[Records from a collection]
**********

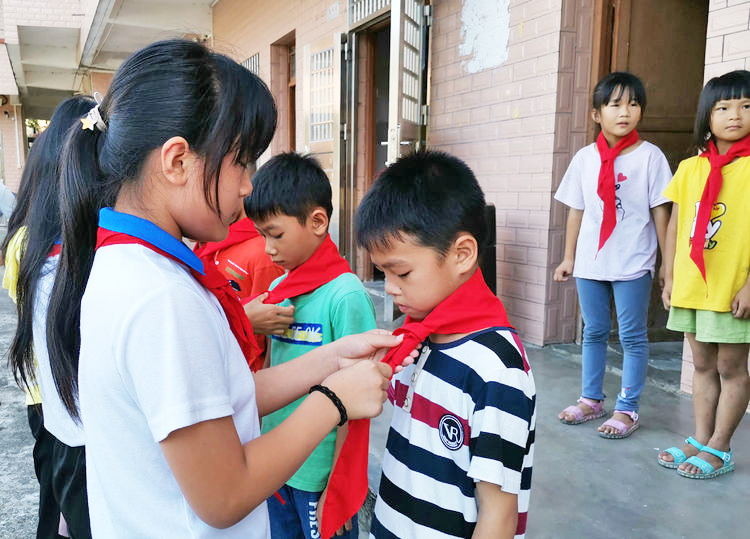 活動當(dāng)天,廣東省縫制設(shè)備商會希望小學(xué)在莊嚴(yán)的升國旗儀式之后,舉行了少先隊(duì)入隊(duì)儀式,現(xiàn)場奏唱的《中國少年先鋒隊(duì)隊(duì)歌》讓新入隊(duì)的小朋友們充滿驕傲和自豪。
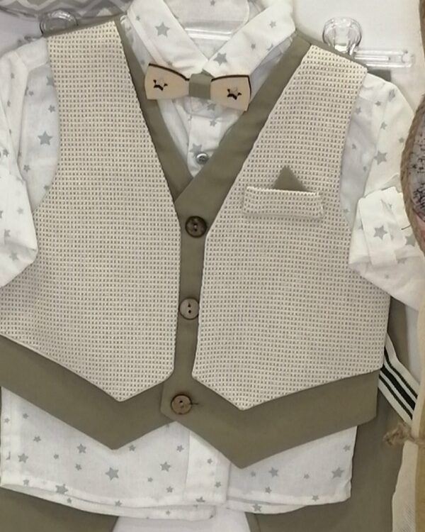 Σετ βάπτισης με βέσπα και θέμα ταξίδια, ο γύρος του κόσμου με ένα αεροπλάνο. Το σετ περιλαμβάνει το βαπτιστικό ρούχο σε γήινες αποχρώσεις του χακί, ξύλινη βέσπα με αποθηκευτικό χώρο, ζωγραφισμένη με τον παγκόσμιο χάρτη σε αποχρώσεις του καφέ, με τεχνική decoupage, στολισμός λαμπάδας με το ίδιο θέμα σε ξύλινο στρογγυλό διακοσμητικό (δεν συμπεριλαμβάνεται το κερί), 50 μαρτυρικά, 3 κεράκια, μπουκαλάκι λαδιού, σαπουνάκια, πετσέτες, σετ λαδόπανα και εσώρουχα. Το σετ κουτί βάφτισης είναι χειροποίητο και ζωγραφισμένο στο χέρι και χρειάζεται 10-12 μέρες παράδοσης.
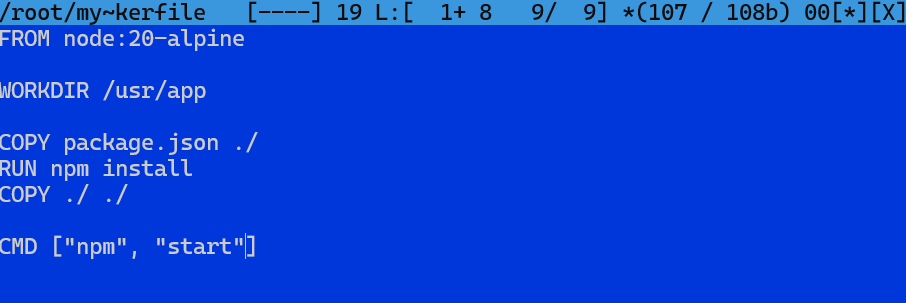 • CMD określa polecenie do uruchomienia. Odpala skrypt start z package.json, czyli w tym przypadku node app.js
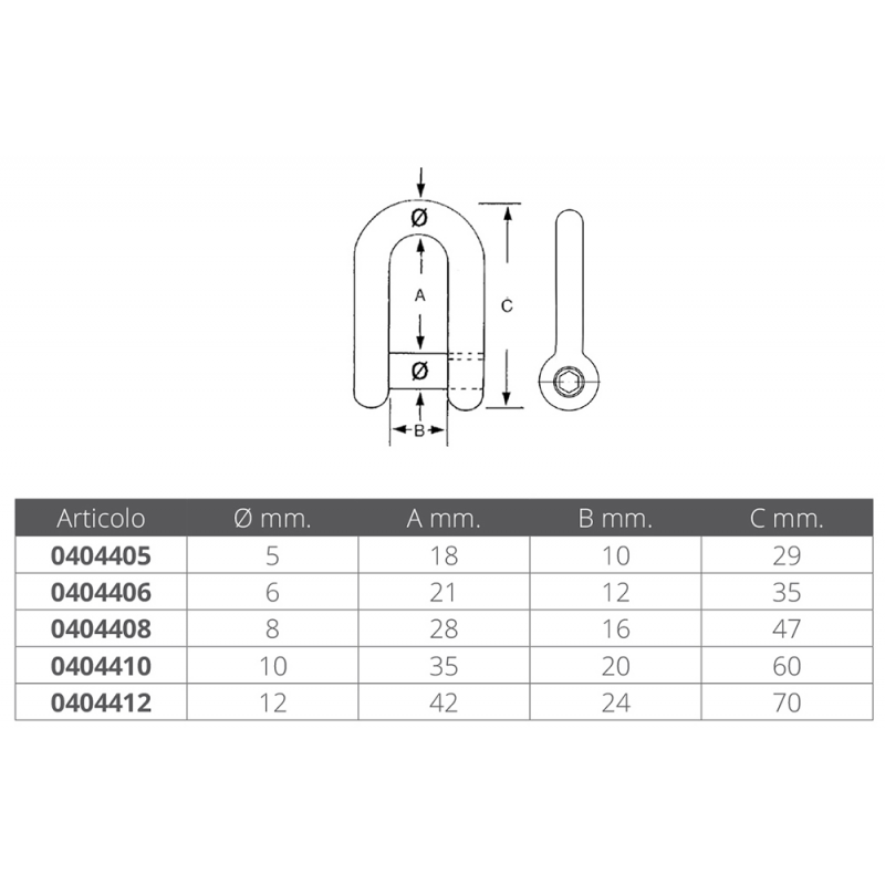 AISI 316 stainless steel shackle with recessed pin for anchors.
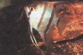 | Величина | Длина тела 11 см | Признаки | Дисковидное тело, сильно уплощенное с боков длинные, дугообразно загнутые назад спинной и аналь ный плавники; треугольный хвостовой плавник с удлиненными и заостренными краевыми лучами; брюшные плавники очень длинные и тонкие |

**********

Problem details: All lines from the start of the entries above through the line containing "AISI 316 stainless" are to be given again exactly; the pictures are not.

Solution for this task:
 活動當(dāng)天,廣東省縫制設(shè)備商會希望小學(xué)在莊嚴(yán)的升國旗儀式之后,舉行了少先隊(duì)入隊(duì)儀式,現(xiàn)場奏唱的《中國少年先鋒隊(duì)隊(duì)歌》讓新入隊(duì)的小朋友們充滿驕傲和自豪。
 Σετ βάπτισης με βέσπα και θέμα ταξίδια, ο γύρος του κόσμου με ένα αεροπλάνο. Το σετ περιλαμβάνει το βαπτιστικό ρούχο σε γήινες αποχρώσεις του χακί, ξύλινη βέσπα με αποθηκευτικό χώρο, ζωγραφισμένη με τον παγκόσμιο χάρτη σε αποχρώσεις του καφέ, με τεχνική decoupage, στολισμός λαμπάδας με το ίδιο θέμα σε ξύλινο στρογγυλό διακοσμητικό (δεν συμπεριλαμβάνεται το κερί), 50 μαρτυρικά, 3 κεράκια, μπουκαλάκι λαδιού, σαπουνάκια, πετσέτες, σετ λαδόπανα και εσώρουχα. Το σετ κουτί βάφτισης είναι χειροποίητο και ζωγραφισμένο στο χέρι και χρειάζεται 10-12 μέρες παράδοσης.
 • CMD określa polecenie do uruchomienia. Odpala skrypt start z package.json, czyli w tym przypadku node app.js
 AISI 316 stainless steel shackle with recessed pin for anchors.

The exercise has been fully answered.